(WHAT IS NEEDED):
A word-for-word copy of the listing is required, and it must contain no pictures.

(DATASET CONTENT):
==============================
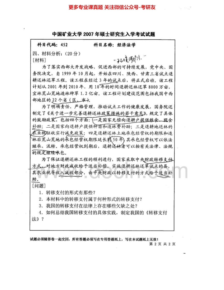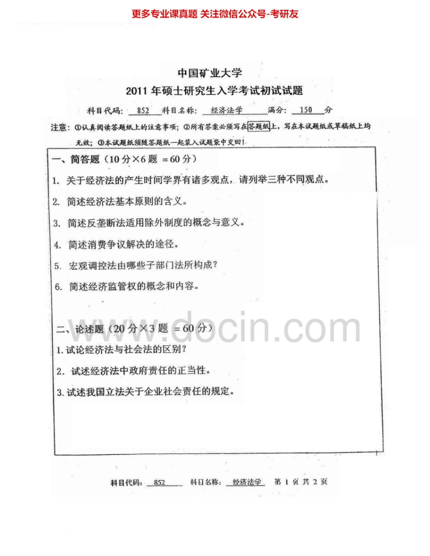 中国矿业大学(徐州)852经济法学2007、2010-2011考研真题汇编.Image.Marked猴哥6个月前发布关注私信1.53MB6页09039中国矿业大学(徐州)852经济法学2007、2010-2011考研真题汇编.Image.Marked此内容为免费资源,请登录后查看¥0 登录查看免费资源 第1页 / 共6页 第2页 / 共6页 第3页 / 共6页 该文档为免费文档,您可直接下载完整版进行阅读 © 版权声明文章版权归作者所有,未经允许请勿转载。THE END考研专业课 喜欢就支持一下吧点赞39赞赏 分享QQ空间微博QQ好友海报分享复制链接收藏
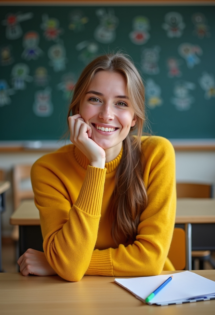 Женщина учительница в ярком свитере сидит за школьной партой среди пустого класса, облокотившись на руку. Она улыбается, глядя в объектив, позади доска с детскими рисунками. Крупный план, создающий ощущение тепла и доступности.
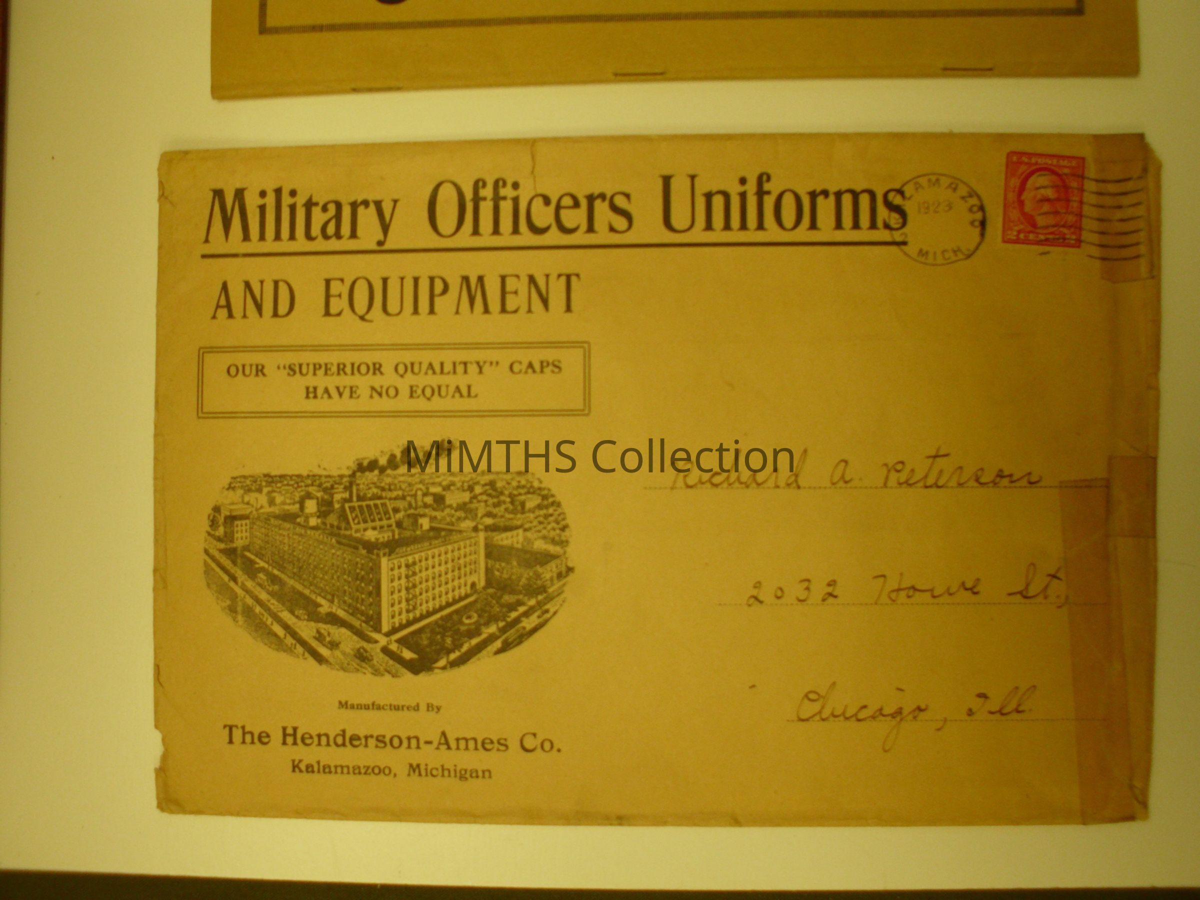 9.5x6.5inch envelope for the Hederson & Ames Uniform catalog. Postmarked 1923Cataloged By
==============================
(SOLUTION TO THIS PROBLEM):
 中国矿业大学(徐州)852经济法学2007、2010-2011考研真题汇编.Image.Marked猴哥6个月前发布关注私信1.53MB6页09039中国矿业大学(徐州)852经济法学2007、2010-2011考研真题汇编.Image.Marked此内容为免费资源,请登录后查看¥0 登录查看免费资源 第1页 / 共6页 第2页 / 共6页 第3页 / 共6页 该文档为免费文档,您可直接下载完整版进行阅读 © 版权声明文章版权归作者所有,未经允许请勿转载。THE END考研专业课 喜欢就支持一下吧点赞39赞赏 分享QQ空间微博QQ好友海报分享复制链接收藏
 Женщина учительница в ярком свитере сидит за школьной партой среди пустого класса, облокотившись на руку. Она улыбается, глядя в объектив, позади доска с детскими рисунками. Крупный план, создающий ощущение тепла и доступности.
 9.5x6.5inch envelope for the Hederson & Ames Uniform catalog. Postmarked 1923Cataloged By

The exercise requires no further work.